Thursday, June 23, 2016

21 Years of Motherhood

21 years ago (minus one day) I was timing my contractions from a dentist's chair. They were surprisingly regular and only 10 minutes apart. But I remained doubtful that it was real labor. I still had 5 more weeks until my due date.

We were house sitting (just like we are today) while visiting with Charly's family and friends in Kansas City, sharing updates on our upcoming move to China in the fall. Our plan was to move to Columbia, Missouri two weeks later, with what we thought would be plenty of time before our little one arrived.

When we returned to the house after our teeth cleaning, Charly called our doctor. She confirmed that I definitely needed to get checked somewhere, either in KC or Columbia. We weighed the options and decided on Columbia. While Charly gave his Mom a quick call to let her know, I grabbed a broom. If the baby was really about to arrive, we probably wouldn't be back in this house before our friends returned from their overseas trip.

Would you get in the car!?!

Charly did not feel the same way about leaving behind a clean house. He was now a man with a mission.

For as many times as he had sped down I-70 during college, worried about getting a speeding ticket, this time he had a legitimate reason. We made it in record time, and no one pulled us over. I felt every little bump in the road in our Toyota pick-up truck. And the contractions were getting more frequent.

We checked into University Hospital that evening and settled in for the night, hooked up to monitors.

At 5:25 the next morning our little Caleb Joshua (CJ) made his arrival. And Charly and I became parents.

We had finished listening to a set of parenting tapes in the car the week before and felt about as ready as we could be.
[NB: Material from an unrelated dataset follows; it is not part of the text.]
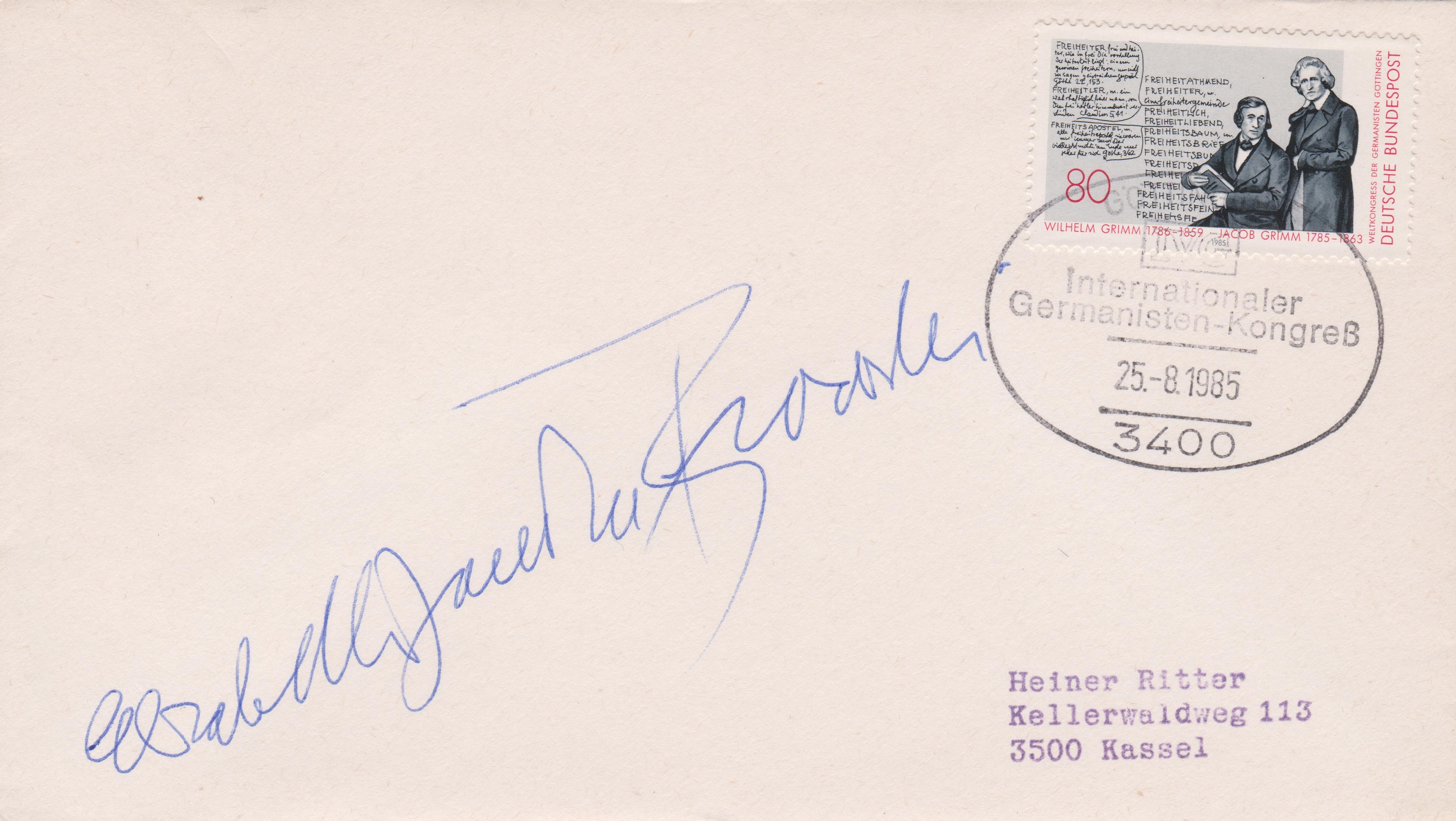 https://de.wikipedia.org/wiki/Elisabeth ... ta-BzowskiBeleg mit dem Elisabeth von Janota Bzowski entworfenen Postwertzeichen Bundesrepublik Deutschland MiNr. 1236 sowie Original-utogramm der Künstlerin:
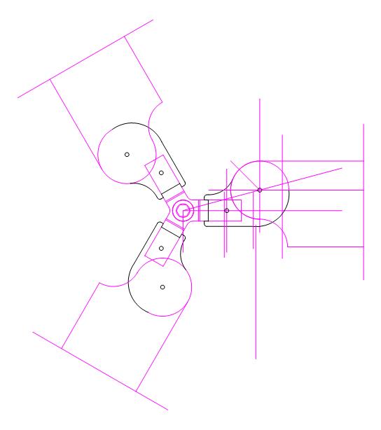 Así que me puse con el AutoCAD a dibujar. Primero dibujé el rótor comercial de Vázquez Ramirez y a continuación dibujé las dos posibilidades. La condición que debía de cumplir es que el agujero de sujección de la pala debía estar en un radio de 55 - 60 mm. Los resultados os los muestros en las fotos

We did still need to make a stop by Toys R Us though on the way home from the hospital, to buy a pack and play so CJ would have a place to sleep (and he was wearing a borrowed baby outfit from the hospital).

“For you created my inmost being; you knit me together in my mother's womb.
I praise you because I am fearfully and wonderfully made;
your works are wonderful, I know that full well.

My frame was not hidden from you when I was made in the secret place. 
When I was woven together in the depths of the earth, your eyes saw my unformed body. 
All the days ordained for me were written in your book before one of them came to be.”
(Psalm 139:13-16)

Joshua David joined our family in Tianjin in 1996 (10 days after his due date).
And Jordan Elizabeth (one week early) in Lawrence, Kansas in 1998.


Then David Jonathan and Daniel Joseph joined us in Lanzhou in 2013 at ages 7 and 8
(6 ½ years after we started the adoption process).


Each one formed by God. 
Fearfully and wonderfully made. 
Joining our family in His perfect way and in His perfect timing.

This morning David and Daniel joined me at the kitchen table as I was reading the Bible, so I read this passage out loud to them:

The Lord said, “Go out and stand on the mountain in the presence of the Lord, for the Lord is about to pass by.” Then a great and powerful wind tore the mountain apart and shattered the rocks before the Lord, but the Lord was not in the wind. After the wind there was an earthquake, but the Lord was not in the earthquake. After the earthquake came a fire, but the Lord was not in the fire. And after the fire came a gentle whisper. When Elijah heard it, he pulled his cloak over his face and went out and stood at the mouth of the cave. (1 Kings 19:11-13)

What does it mean for me as a Mom to quiet my heart before the Lord?
With all of the noise around me, how can I hear His gentle voice?
What is His whisper for me?

The Purpose of Parenting is not about raising "perfect" kids who make me look good as a Mom.

With a parenting focus purely on obedience, it is possible to raise children who can look good on the outside with hearts that are still far from God. Hypocritical.

In the arena of faith, my goal as a Mom is not to make my kids look like me. But to help them develop their own personal walk with God.

God wants me to give myself grace as a Mom instead of evaluating myself by how much I am able to accomplish. 

How can I allow God’s love—through me—to never run out on them?

"Search me, O God, and know my heart; test me and know my anxious thoughts. 
See if there is any offensive way in me, and lead me in the way everlasting."